Seuls deux pays, le Royaume-Uni et l’Irlande, appliquent un système à la fois très simple mais peu généreux avec un forfait dont le montant ne dépend que de l'âge: quel que soit leur salaire précédent, les britanniques de plus de 25 ans perçoivent pendant six mois maximum 93 euros par semaine et les moins de 25 ans 73 euros. Bref, jamais plus de 450 € par mois, même si les personnes disposant de faibles ressources peuvent prétendre à des avantages spécifiques comme, par exemple, une réduction des taxes locales.

… sur les conditions et la la durée d’indemnisation du chômage

La France offre à ses salariés des conditions très favorables d’accès aux indemnités. Il suffit en effet d’avoir travaillé – et donc cotisé – quatre mois pour bénéficier d'une durée équivalente d'allocation chômage. Et cette durée de cotisation est strictement égale à celle de l'indemnisation chômage jusqu'à 24 mois pour les moins de 50 ans et jusqu’à 36 mois au delà.

Jusque-là, seuls les Pays-Bas offraient une durée maximale d’indemnisation à 38 mois. Mais c’est fini depuis le 1er janvier, et les Néerlandais doivent désormais se contenter de 24 mois d’indemnisation maximale auxquels ils ne peuvent prétendre qu’après avoir travaillé 20 ans (!) contre 2 ans en France !

En Allemagne, comme au Danemark et désormais en Italie – où le « job act » de Matteo Renzi a amélioré sur ce point la situation des chômeurs – l’indemnisation est aussi de 2 ans maximum. Partout ailleurs, c’est moins, sauf… en Belgique où la durée d’indemnisation peut aller jusqu’à 4 ans, mais elle est dégressive.

Des taux de remplacement plus comparables…

Le taux d'indemnisation pratiqué en France varie de 75 % du salaire brut pour les bas salaires à 57 % à partir de 2.000 €. Sans parler bien sûr du Royaume-Uni, c’est plus généreux que l’Allemagne qui indemnise à 60% et même à 67% du salaire en cas d’enfants à charge, mais il s’agit de salaire net.

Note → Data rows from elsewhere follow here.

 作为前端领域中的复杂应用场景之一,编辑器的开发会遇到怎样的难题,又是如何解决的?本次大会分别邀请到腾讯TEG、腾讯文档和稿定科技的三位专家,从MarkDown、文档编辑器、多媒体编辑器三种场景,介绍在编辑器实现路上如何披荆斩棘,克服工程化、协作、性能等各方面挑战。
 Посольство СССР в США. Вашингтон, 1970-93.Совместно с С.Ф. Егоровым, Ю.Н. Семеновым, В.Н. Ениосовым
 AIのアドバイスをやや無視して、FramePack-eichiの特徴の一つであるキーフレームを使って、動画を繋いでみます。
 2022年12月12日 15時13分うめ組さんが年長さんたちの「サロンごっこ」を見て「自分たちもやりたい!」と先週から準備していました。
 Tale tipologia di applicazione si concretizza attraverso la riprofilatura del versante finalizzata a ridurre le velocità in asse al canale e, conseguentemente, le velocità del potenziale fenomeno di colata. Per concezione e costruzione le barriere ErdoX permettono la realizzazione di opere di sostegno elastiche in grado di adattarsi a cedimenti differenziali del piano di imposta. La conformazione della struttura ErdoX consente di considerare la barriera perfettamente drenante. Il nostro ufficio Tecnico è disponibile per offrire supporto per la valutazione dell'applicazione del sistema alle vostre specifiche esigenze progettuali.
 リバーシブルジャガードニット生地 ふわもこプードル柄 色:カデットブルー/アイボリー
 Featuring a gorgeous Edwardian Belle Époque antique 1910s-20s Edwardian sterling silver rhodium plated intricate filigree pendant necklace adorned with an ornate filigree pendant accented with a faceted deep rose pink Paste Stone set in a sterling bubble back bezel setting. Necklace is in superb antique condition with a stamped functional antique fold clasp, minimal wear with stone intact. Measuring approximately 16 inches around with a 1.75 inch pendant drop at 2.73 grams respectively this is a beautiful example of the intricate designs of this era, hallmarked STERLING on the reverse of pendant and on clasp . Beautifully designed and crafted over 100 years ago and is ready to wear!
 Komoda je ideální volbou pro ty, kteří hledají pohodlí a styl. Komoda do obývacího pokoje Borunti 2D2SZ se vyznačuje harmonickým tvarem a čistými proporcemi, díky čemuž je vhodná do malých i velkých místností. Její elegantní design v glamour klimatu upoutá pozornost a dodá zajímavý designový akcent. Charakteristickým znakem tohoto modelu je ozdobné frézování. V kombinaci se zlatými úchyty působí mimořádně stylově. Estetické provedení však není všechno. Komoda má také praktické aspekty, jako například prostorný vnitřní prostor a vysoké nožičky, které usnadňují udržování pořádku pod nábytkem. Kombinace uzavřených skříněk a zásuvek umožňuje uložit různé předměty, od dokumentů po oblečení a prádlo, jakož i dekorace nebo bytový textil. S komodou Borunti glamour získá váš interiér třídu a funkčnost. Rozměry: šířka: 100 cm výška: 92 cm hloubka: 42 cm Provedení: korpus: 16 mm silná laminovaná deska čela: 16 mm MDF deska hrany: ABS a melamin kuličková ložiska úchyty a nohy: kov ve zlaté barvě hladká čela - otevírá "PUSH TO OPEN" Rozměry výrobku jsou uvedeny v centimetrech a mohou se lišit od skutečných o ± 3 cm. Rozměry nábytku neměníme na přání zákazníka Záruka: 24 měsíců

En revanche, sur le papier, la France compense plutôt moins bien que pas mal de pays. A commencer par le Danemark qui remplace le salaire net à 90%. Et c’est un peu inférieur aux compensations offertes en Suède, aux Pays-Bas, en Suisse et même en Espagne. Tous ces pays remplacent le salaire brut entre 70 et 80%.

La France dorlotte ses hauts salaires

Cette moindre générosité française en matière d’indemnisation est cependant trompeuse. Outre qu’elle est assortie de durées plus longues et non dégressives, les Français – et en particulier les hauts salaires – sont favorisés par un plafond très élevé des allocations mensuelles, autour de 7.000 €.

A la seule exception des Suisses, qui peuvent toucher jusqu’à 8.700 €, tous les autres pays imposent un plafond deux ou trois fois inférieur à celui de la France. Il est de 3.200 € aux Pays-Bas, de 2.500 en Allemagne, de 2.400 Danemark, et seulement de 1.600 € en Belgique et de 1.300 en Italie.

Il paraît à première vue évident que les économies devraient se trouver dans la normalisation de ce plafond. Les patrons du Medef l’ont eux-mêmes proposés l’an dernier et les syndicats de salariés pourraient se montrer relativement peu motivés par la défense des très hauts revenus.

Focaliser sur une vraie formation

Mais, à moins de viser une grosse partie de la classe moyenne en revenant à des limites d’allocations proche du revenu médian, cela aurait relativement peu d’impact sur les dépenses globales de l’Unedic. C’est pourquoi le gouvernement devrait surtout chercher des solutions en termes de baisse du taux de remplacement du salaire, d’allongement de la période de référence ou de rabotage de la durée d’indemnisation, ne serait-ce qu’en remontant de 50 à 55 ans l’âge requis ouvrant droit aux 36 mois de versement des allocations.

Le système français a beau être incontestablement plus généreux que la plupart des systèmes en Europe, cet argument comparatif risque pourtant de ne pas peser lourd dans un pays attaché à la défense de ses avantages acquis.

En revanche, l’exemple de réforme récentes faites aux Pays-Bas, en Italie ou au Danemark démontre que l’on peut troquer un peu moins d’allocations contre beaucoup plus de formation pour peu que les chômeurs acquièrent la conviction qu’ils maximisent ainsi leur chance de retrouver du travail.